I now know that there are several 6.5s out there that will out perform the CM. Am I disappointed? Nah. I'll keep plugging along with my CM and I'm sure once I get the opportunity there ain't going to be a deer that will be able to tell the difference whether it was killed by my CM or by a PRC or Grendel.
bronko22000 is offline  
Old 08-15-2022, 07:48 PM
  #2  
Nontypical Buck
 
Nomercy448's Avatar
 
Join Date: Oct 2009
Location: Kansas
Posts: 3,842
Default

“Out perform” is a subjectivism. Don’t sweat it. “Faster” certainly isn’t the singular measure of “out perform.” Certainly, there are 6.5mm cartridges with bigger cases which will push a bullet faster, and there are smaller cases which won’t keep up. There are longer cases which hold bullets too far forward to fit into a short action - unless loaded with relatively light for caliber bullets… and there are older cases designed for such lighter bullets that their standard twist rates are unbecoming and unproductive for long range shooting with heavier bullets.

The 6.5 Creed is a sweet spot that simply wasn’t truly occupied by any other cartridge, but which had been replicated for generations by custom gun builders which stuck fast twist barrels in front of long action 260’s and 7-08 AI’s, 284’s and 6.5-284’s, intermediate Mausers in 6.5 Swede and 7x57… we chased the right combination of long bullet aerodynamics with limited recoil for a long time.

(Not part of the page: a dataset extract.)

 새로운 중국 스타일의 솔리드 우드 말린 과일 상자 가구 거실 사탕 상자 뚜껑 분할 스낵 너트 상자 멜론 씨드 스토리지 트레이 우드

And in the modern gun market, 1) most shooters are not hunters, and 2) many hunters enjoy long range shooting, so a 1300yard target rifle + 600 yard deer rifle rolled into one is pretty intriguing, so the timing was right. Especially coming off of the boom of the AR-15 which had many gun buyers realizing the limited potential of the 223/5.56 for long range shooting - and the same limited potential of the AR-15 platform - such the market was stoked to receive an inexpensive, ubiquitous, highly capable but highly shootable long range cartridge, made on the shelf, instead of custom ordered.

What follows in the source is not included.